**** Listed entries ****

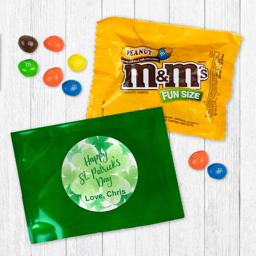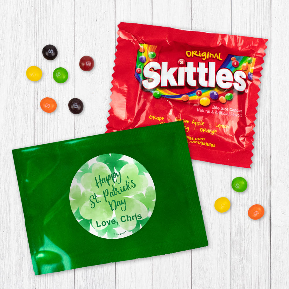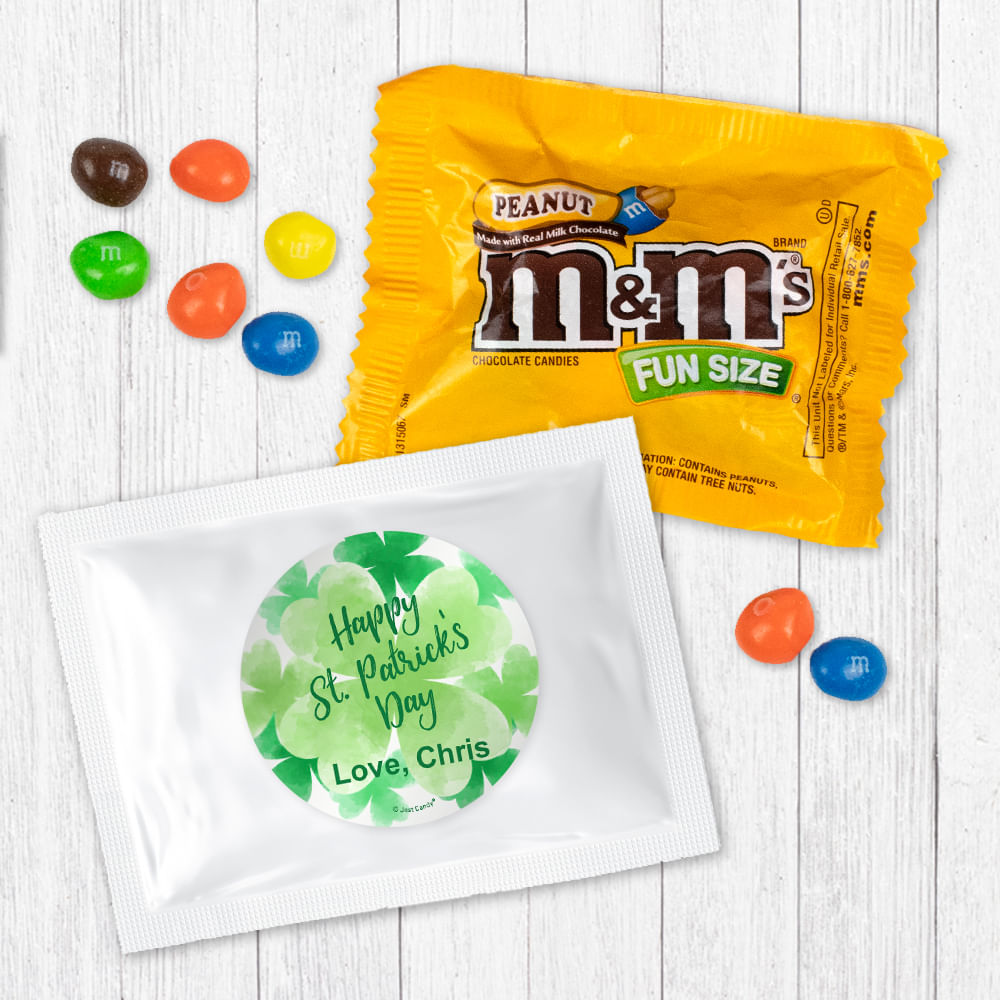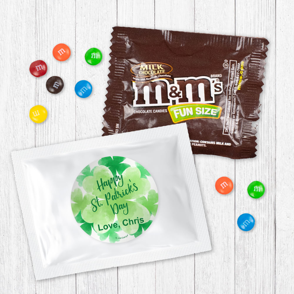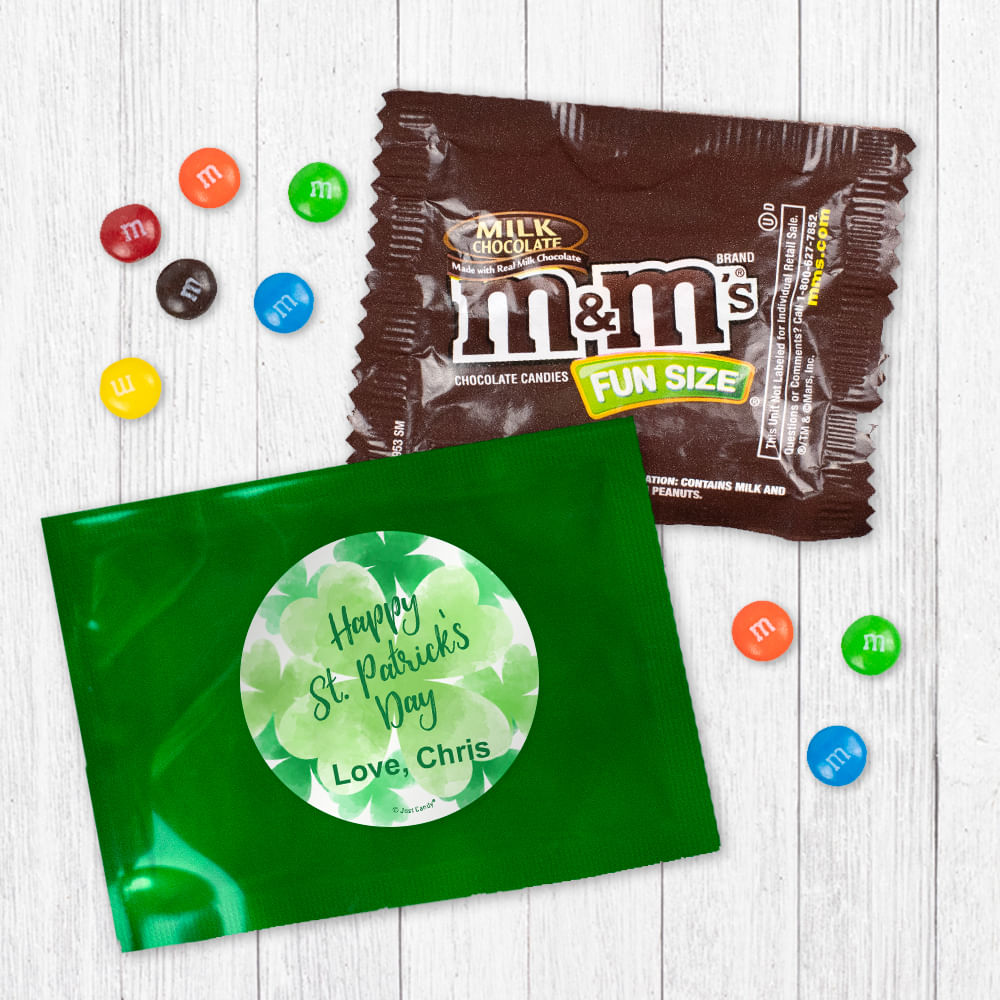 Personalized Happy St Patricks Day Watercolor Clovers Candy Favor Bag - M&Ms or Skittles
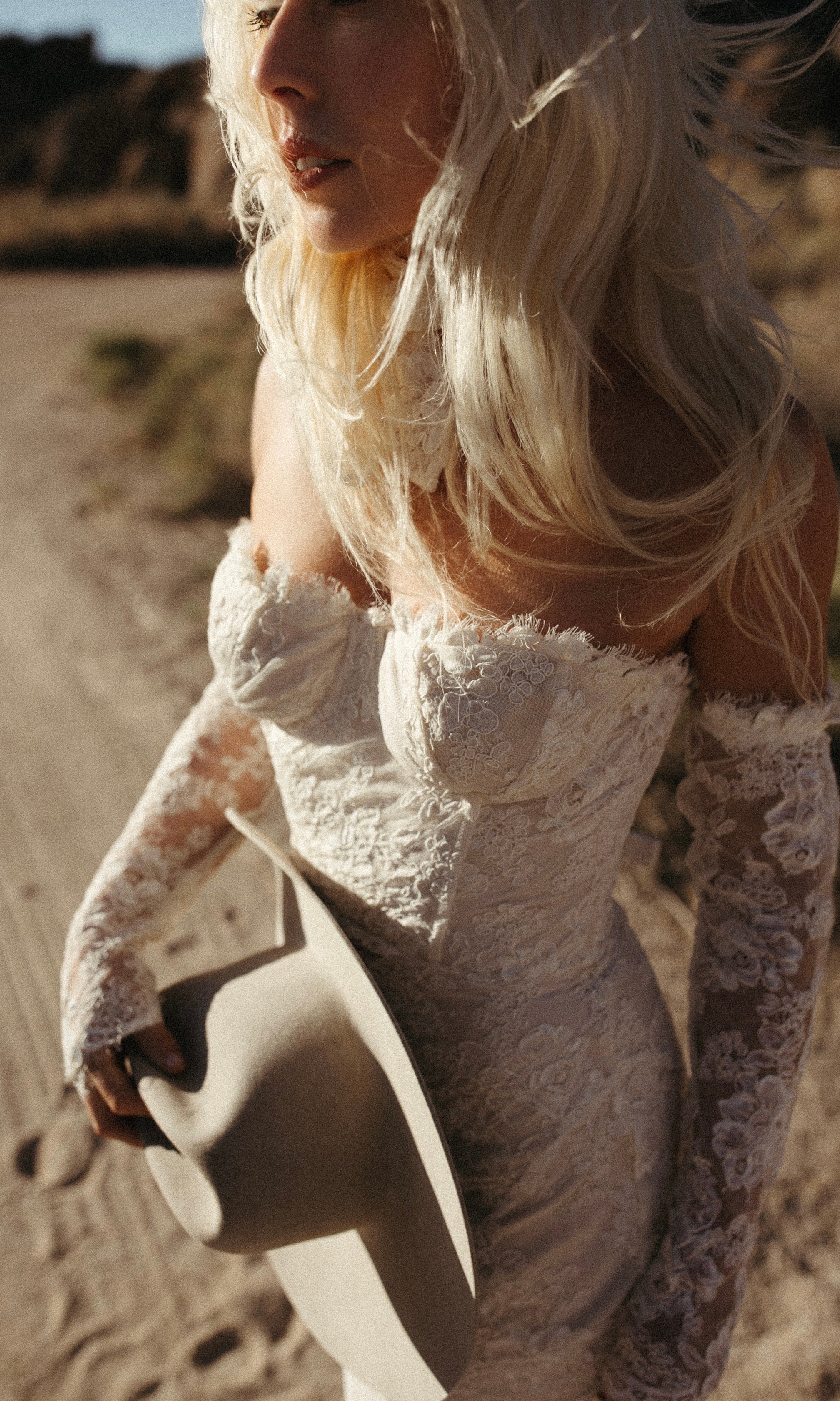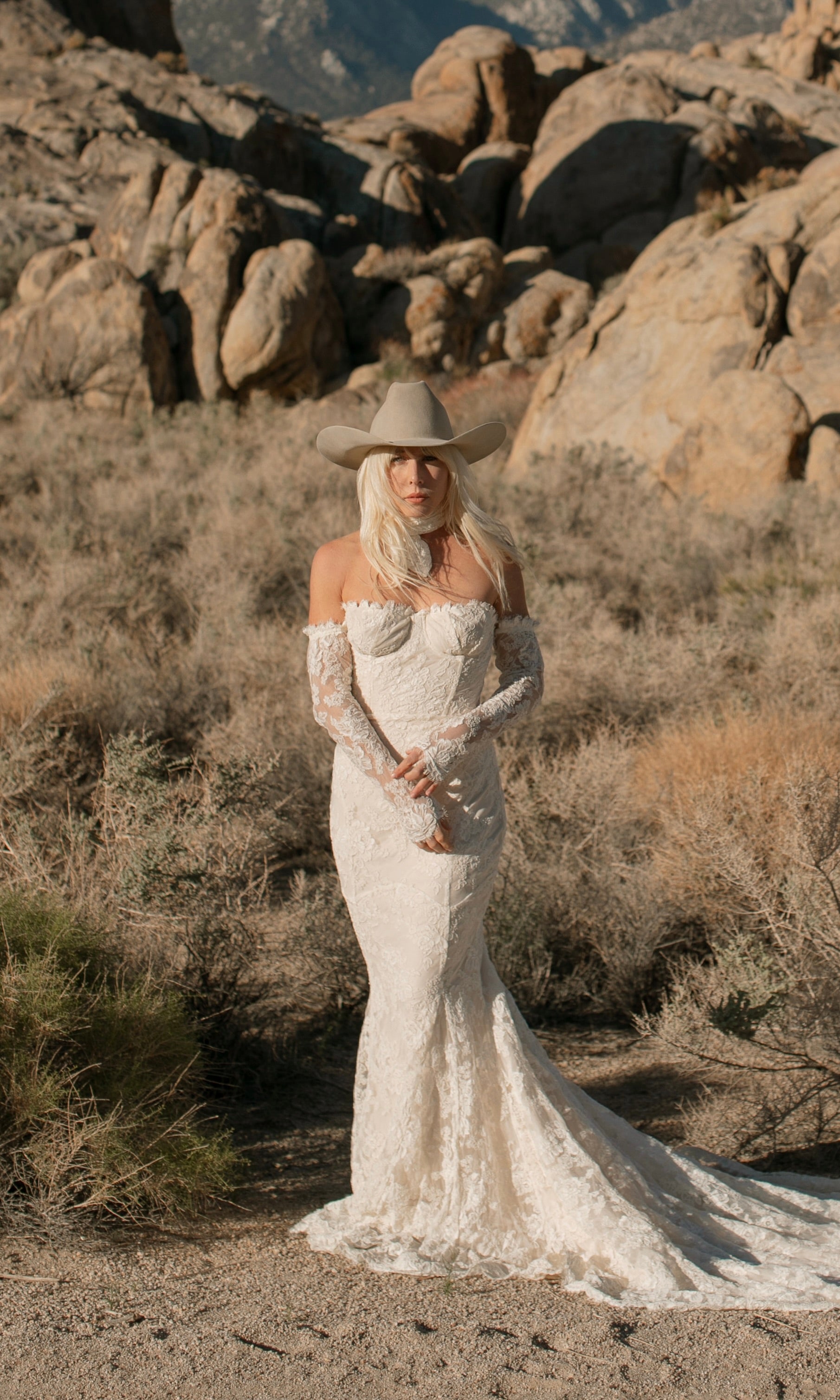 ROMANTIC FRENCH CORDED LACE BUSTIER GOWN, STRAPLESS AND FITTED BODICE WITH UNDERWIRE AND BONING. RUFFLED LACE DETAIL ALONG THE BUST, DETACHABLE LONG UNLINED SLEEVES WITH FIT AND FLARE SKIRT. ORNATE PEARL BUTTON DETAILING DOWN THE BACK, FRONT AND BACK PROMINENT PRINCESS SEAMS. FULL SKIRT FLOWS INTO AN ELONGATED TRAIN. ALSO, SEE SISTER STYLES ‘ROSS‘ & ‘LEO'.
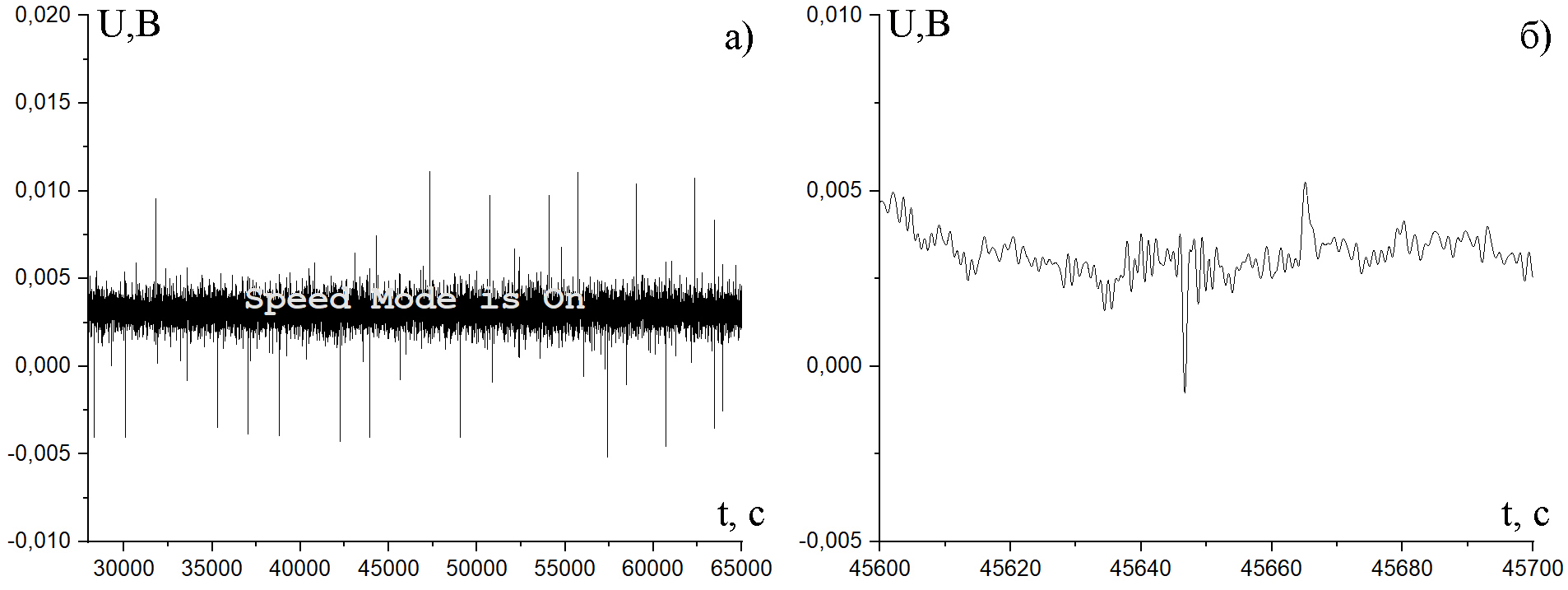 Рис. 11. а) Запись с канала NW-SE в ночь на 18-19 сентября 2023 г., б) увеличенный фрагмент записи а)
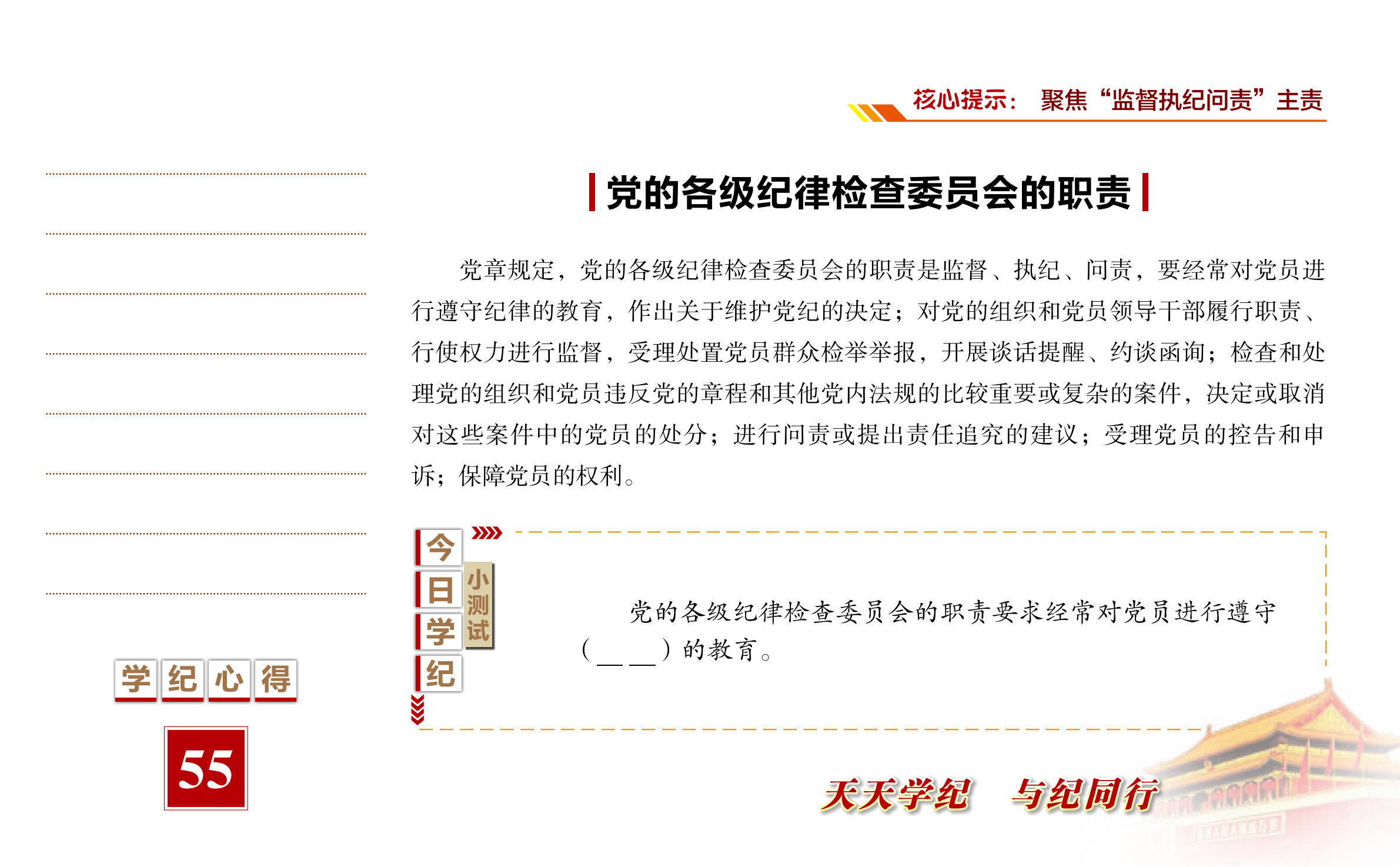 【天天学纪】2020年8月24日——党的各级纪律检查委员会的职责
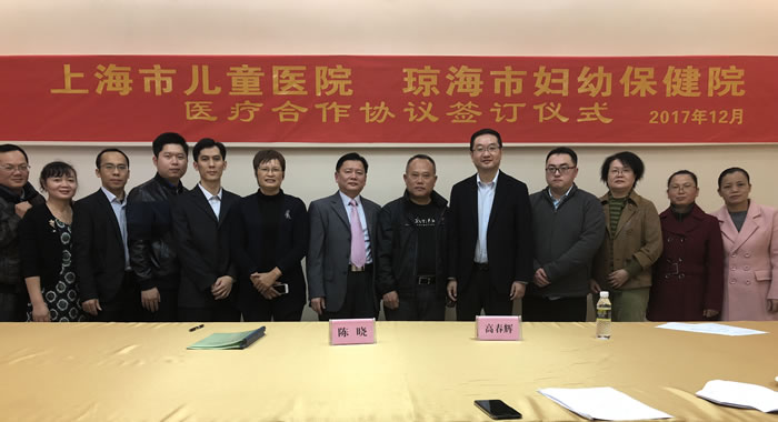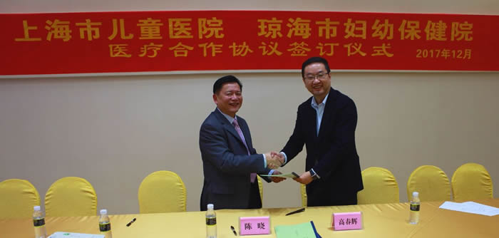 2017年12月22日,琼海市妇幼保健院与上海市儿童医院在海口签署《琼海市妇幼保健院-上海市儿童医院合作协议》。琼海市卫计委许德群副主任、琼海市妇幼保健院陈晓院长、许少珍、莫海梅副院长等一行12人在中国(海南)发展改革研究院国际学术交流中心接待了前来签约的上海市儿童医院高春辉副院长、医务科王淼副主任。经过友好磋商,双方举行了医疗帮扶合作的签约仪式。
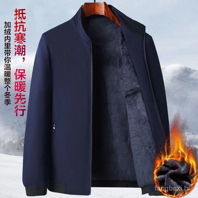 Pai jaqueta de inverno forro de lã engrossado jaqueta de idosos de meia-idade masculina quente outono inverno vovô roupa

****

Prompt:
Return every entry above exactly. Pictures stay out.

Solved problem:
 Personalized Happy St Patricks Day Watercolor Clovers Candy Favor Bag - M&Ms or Skittles
 ROMANTIC FRENCH CORDED LACE BUSTIER GOWN, STRAPLESS AND FITTED BODICE WITH UNDERWIRE AND BONING. RUFFLED LACE DETAIL ALONG THE BUST, DETACHABLE LONG UNLINED SLEEVES WITH FIT AND FLARE SKIRT. ORNATE PEARL BUTTON DETAILING DOWN THE BACK, FRONT AND BACK PROMINENT PRINCESS SEAMS. FULL SKIRT FLOWS INTO AN ELONGATED TRAIN. ALSO, SEE SISTER STYLES ‘ROSS‘ & ‘LEO'.
 Рис. 11. а) Запись с канала NW-SE в ночь на 18-19 сентября 2023 г., б) увеличенный фрагмент записи а)
 【天天学纪】2020年8月24日——党的各级纪律检查委员会的职责
 2017年12月22日,琼海市妇幼保健院与上海市儿童医院在海口签署《琼海市妇幼保健院-上海市儿童医院合作协议》。琼海市卫计委许德群副主任、琼海市妇幼保健院陈晓院长、许少珍、莫海梅副院长等一行12人在中国(海南)发展改革研究院国际学术交流中心接待了前来签约的上海市儿童医院高春辉副院长、医务科王淼副主任。经过友好磋商,双方举行了医疗帮扶合作的签约仪式。
 Pai jaqueta de inverno forro de lã engrossado jaqueta de idosos de meia-idade masculina quente outono inverno vovô roupa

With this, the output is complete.